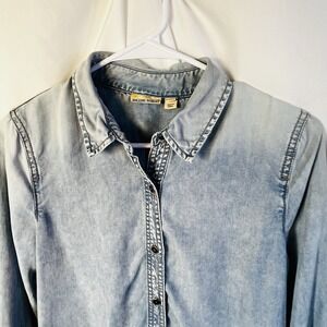 Anthropologie Denim Chambray Shirt Women's Sz 4 Blue Long Sleeve Holding Horses
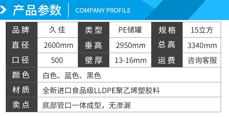 1、以進(jìn)口LLDPE為原料,采用滾塑一次成型;
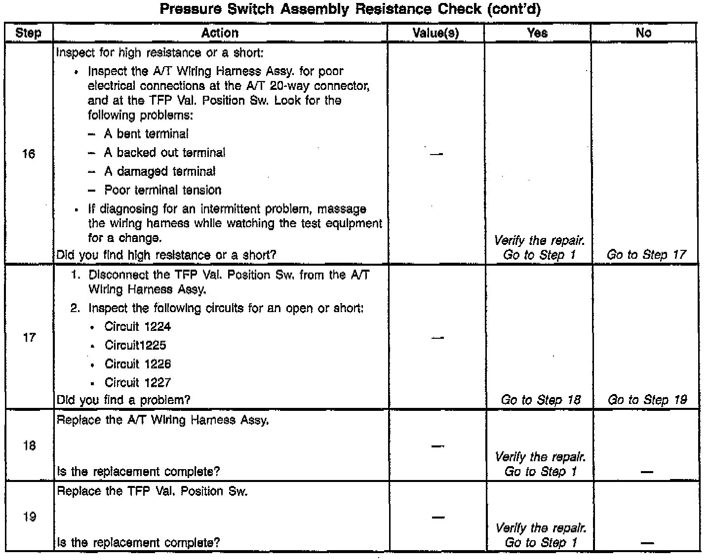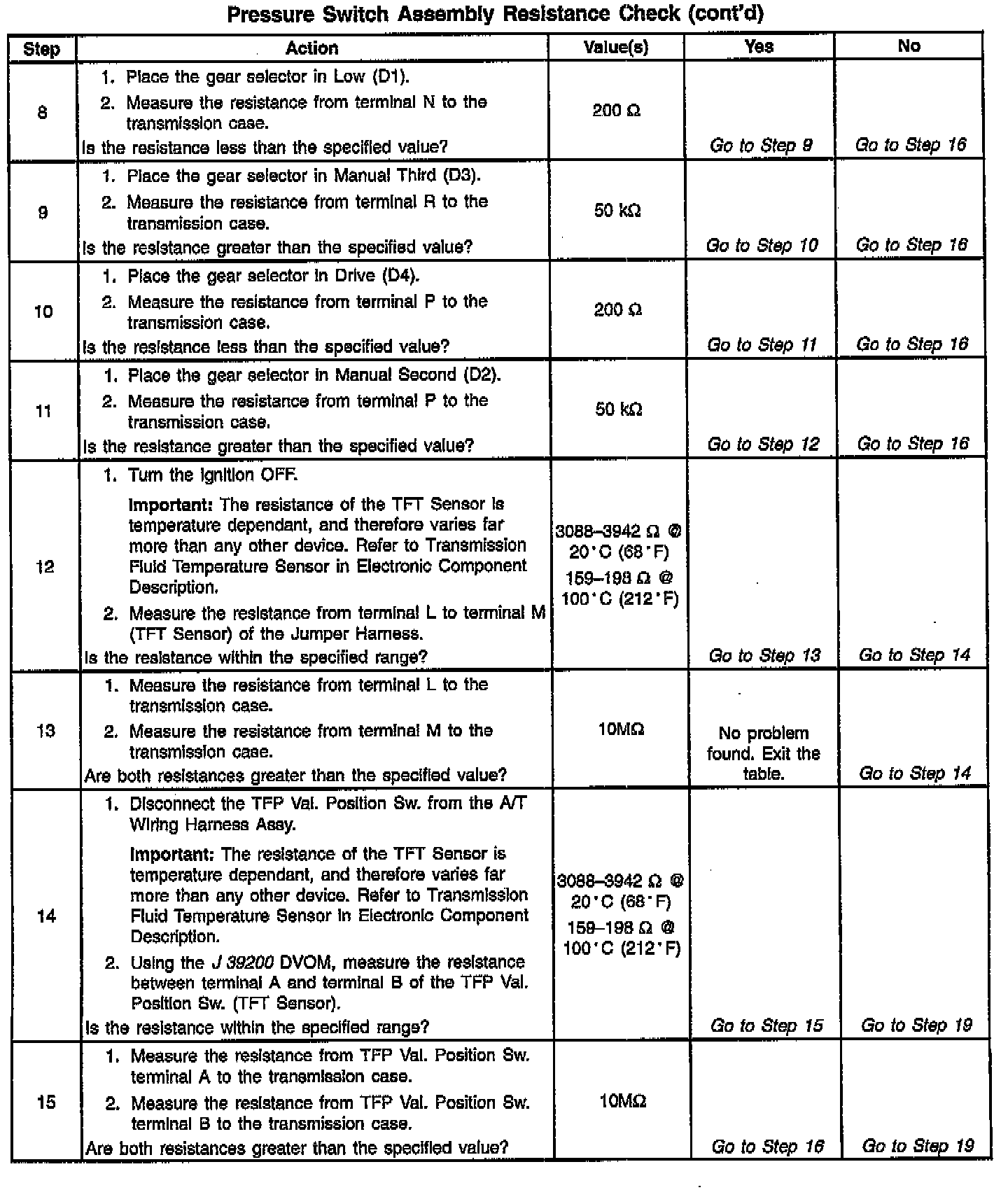 Important: This procedure tests the Automatic Transmission Fluid Pressure Manual Valve Position Switch (TFP Val. Position Sw.) circuits and the Automatic Transmission Fluid Temperature (TFT) Sensor circuit. Do not use this procedure to test other Automatic Transmission circuits, refer to 4L60-E Automatic Transmission Internal Wiring Harness Check.Testing and Inspection

What the task requires
Everything above except the pictures must be restated exactly.

Answer below
 Anthropologie Denim Chambray Shirt Women's Sz 4 Blue Long Sleeve Holding Horses
 1、以進(jìn)口LLDPE為原料,采用滾塑一次成型;
 Important: This procedure tests the Automatic Transmission Fluid Pressure Manual Valve Position Switch (TFP Val. Position Sw.) circuits and the Automatic Transmission Fluid Temperature (TFT) Sensor circuit. Do not use this procedure to test other Automatic Transmission circuits, refer to 4L60-E Automatic Transmission Internal Wiring Harness Check.Testing and Inspection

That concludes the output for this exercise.